It doesn't make me tingle. But more importantly, it didn't make Mrs. Mod 3 tingle.

So we will be looking elsewhere.

Suggestions?

----------


## amyb

Ah yes-the Mother's Day special dinners-phooey!!

----------


## Grey

I'm late but can I add my two cents?

Annisa and Jean-Georges

----------


## Dennis

We've done J-G.

annisa looks nice but is booked up.

----------


## marybeth

Hi Dennis,
 I try to keep up on the NYC restaurant scene because we get there several times a year and have so few good places at home.  Chowhound is a good resource for upscale places in Manhattan.

Right now Italian is very popular, especially Micheal White's places (Osterio Morini and Aldea.)  Both Locanda Verde and Maialino serve dinner as well as brunch and are highly recommended.  Scarpetta and Lincoln also get great reviews.

Millesime is a newer French/seafood place that is supposed to be gorgeous.  

More on the trendy side are Corton, WD 40 (like Alinea) and Bouley.

Then there are the classics, Le Bernadin, Per Se, Daniel....

Have fun choosing and let us know where you end up!

----------


## Theresa

Try to squeeze in a stop at Boqueria.  No reservations, but it's worth the wait.  We've enjoyed both lunch and dinner there.

----------


## kristi0119

EMP is a great choice!  I try to "plug" EMP every chance I get (My brother in law is one of their chefs)!  My sister & Mom are eating there next week for their birthdays and I'm so sorry I won't be joining them!  Enjoy!

----------


## elgreaux

Daniel is also a great choice, I think it's the best French restaurant in NYC

----------


## Dennis

So....Eleven West Madison FN Rocks!

----------


## amyb

How was the gala last night?

----------


## Dennis

Honestly, a bore. 

The car dropped us off at 8 and we called him back to be picked up at 9:30. 

Headed back to the city for a late dinner Antique Garage on Mercer then to Pegu Club for great cocktails.

----------


## Dennis

PS: we got the kitchen tour at Eleven.
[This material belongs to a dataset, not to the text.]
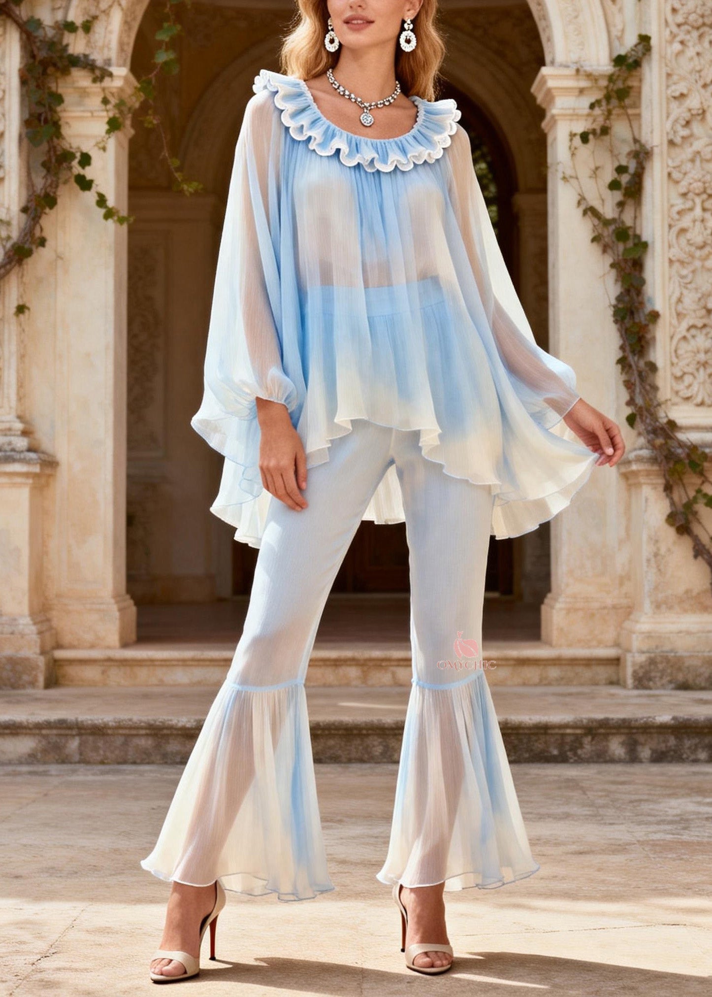 Boho Blue Wrinkled Silk Top And Flared Trousers Two Pieces Set Spring

And they made us a custom cocktail/dessert in the kitchen. Met the Sous chef. 

They were fantastic and told us a great story about the restaurants success. 

Think Miles Davis.

----------


## amyb

Nice way to cap off your visit

----------


## JEK

> PS: we got the kitchen tour at Eleven. And they made us a custom cocktail/dessert in the kitchen. Met the Sous chef. 
> 
> They were fantastic and told us a great story about the restaurants success. 
> 
> Think Miles Davis.



  i thought you missed Eleven? Did you have *THE* Forum connection?

----------